Writing as Spectator Sport

I remember when I was a teenager and the Monty Python crew were releasing comedy albums (among all of the visual stuff that was still happening then). In 1973 they released Matching Tie and Handkerchief.

That came to mind while I was writing today. And I’ll tell ya why.

My writing was going well today. There are days that it does. I’ve had a few in a row actually, and it was feeling really good today. A couple of times I actually wished that I had another writer with we, just so he or she could see it happening.

Of course that is easily one of the most vain, hubristic thoughts that I’d ever had, and I recognized it immediately. I was alone, however so I laughed it off. “No one care hear the thoughts inside your head,” I told myself. “No one will ever know that you actually thought the writing you did today would make someone want to watch you do it. And that’s good because that’s how crazy people think.”

And then I remembered MT&H, and the skit entitled “Novel Writing.”

The premise was that writing novels was treated as a spectator sport, and it told of the large crowd had come together to watch “local boy” Thomas Hardy begin the writing of Return of the Native. The word by painstakingly chosen word description of the first sentence is hilarious, and it even pokes fun at the sports world’s obsession with statistics as, after the first word is penned, (“the,”) they analyze how it compares to his others saying:

Well, this is true to form, no surprises there. He’s started five of his eleven novels to date with the definite article. We’ve had two of them with “it”, there’s been one “but”, two “ats”, one “and” and a “Dolores”. Oh, that , of course, was never published.

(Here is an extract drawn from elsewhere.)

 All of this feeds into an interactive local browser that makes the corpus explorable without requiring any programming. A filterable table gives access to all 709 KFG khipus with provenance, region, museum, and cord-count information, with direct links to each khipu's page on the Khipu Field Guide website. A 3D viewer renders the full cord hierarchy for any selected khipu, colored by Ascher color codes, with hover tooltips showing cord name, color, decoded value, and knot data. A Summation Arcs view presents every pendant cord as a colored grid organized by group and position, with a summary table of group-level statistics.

Monty Python’s Flying Circus

So I felt mildly vindicated for about three seconds. Hell, these guys are some of my biggest heroes, and they thought about a writer’s fans being excited to watch him at it!

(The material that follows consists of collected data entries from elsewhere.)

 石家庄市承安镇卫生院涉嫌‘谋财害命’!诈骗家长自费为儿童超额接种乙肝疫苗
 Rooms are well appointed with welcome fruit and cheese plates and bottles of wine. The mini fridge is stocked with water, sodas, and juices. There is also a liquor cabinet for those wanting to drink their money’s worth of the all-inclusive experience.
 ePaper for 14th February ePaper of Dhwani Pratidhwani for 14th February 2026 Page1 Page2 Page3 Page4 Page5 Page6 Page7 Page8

And then I remembered, “Oh, yeah. It’s satire.” What they were saying essentially, was “What is the one thing in the entire world that no one would ever pay money to watch happen?” I’m guessing it came down to novel-writing and paint drying. I bet the younger guys wanted paint drying but Cleese said, “Who are the bloody fans rooting for, the paint? It don’t work!”

“Really, Johnny? Do you think?”

“Bloody hell. How much would you pay to see Thomas Fucking Hardy write Return of the Bloody Native?”

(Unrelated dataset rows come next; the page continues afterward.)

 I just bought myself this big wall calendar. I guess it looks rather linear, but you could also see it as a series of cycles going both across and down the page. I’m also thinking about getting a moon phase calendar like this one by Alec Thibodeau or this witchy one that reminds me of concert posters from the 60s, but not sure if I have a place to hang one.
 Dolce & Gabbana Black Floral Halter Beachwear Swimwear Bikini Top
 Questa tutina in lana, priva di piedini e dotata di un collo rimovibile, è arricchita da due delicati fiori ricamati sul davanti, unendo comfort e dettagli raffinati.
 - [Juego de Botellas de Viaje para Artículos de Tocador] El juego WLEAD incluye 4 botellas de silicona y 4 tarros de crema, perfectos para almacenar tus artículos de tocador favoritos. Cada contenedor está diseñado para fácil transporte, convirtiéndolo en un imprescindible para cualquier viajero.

Something like that, I think.

“You know… the one with the melty clocks!”

The other thing that came to mind was a story I heard during college which is a real howler in art history circles, but doesn’t generally play well with Midwestern crowds. It’s about Salvador Dalí, the super wacky Spanish surrealist painter that you may or may not have heard of but you’ve probably seen his most famous painting, “The Persistence of Memory,” or as most people refer it, “The Melty-Clock Painting.

Dali died in 1989, but not from being
stabbed by his mustache,
which was shorter near the end.

Anyway, this story has nothing to do with that painting. It doesn’t even have anything to do with his insane mustache.

The story is that that there was to be a great event, in which Dali was to appear before an audience to finish his latest masterpiece. In some versions the event was actually televised. He came out to great fanfre, then sat before the great canvas, and dotted the “I” in his last name.

This was prior to the internet, where that sort of shit happens all the time. It was even before Geraldo Rivera and Al Capone’s empty vault. We’re used to being conned now. We like it. We might even sign up for a new streaming service to watch it, although we’ll probably bail before the end of the trial period.

Don’t mind me.
Don’t even remind me.

So, this is probably why at no point did they consider writing a sketch named “Surrealistic Painting, with Salvador Dalí.”

So I will continue to be my only spectator, and I will remember that it’s not cool to imagine anyone wants to watch me write.

However, should someone actually want to discuss an audience, remember we will have to social distancing, and I think the maximum number of people can be no more that 50% of what the normal capacity would be, soooo, no more then a hundred thousand or so. I dunno. We’ll work our the details.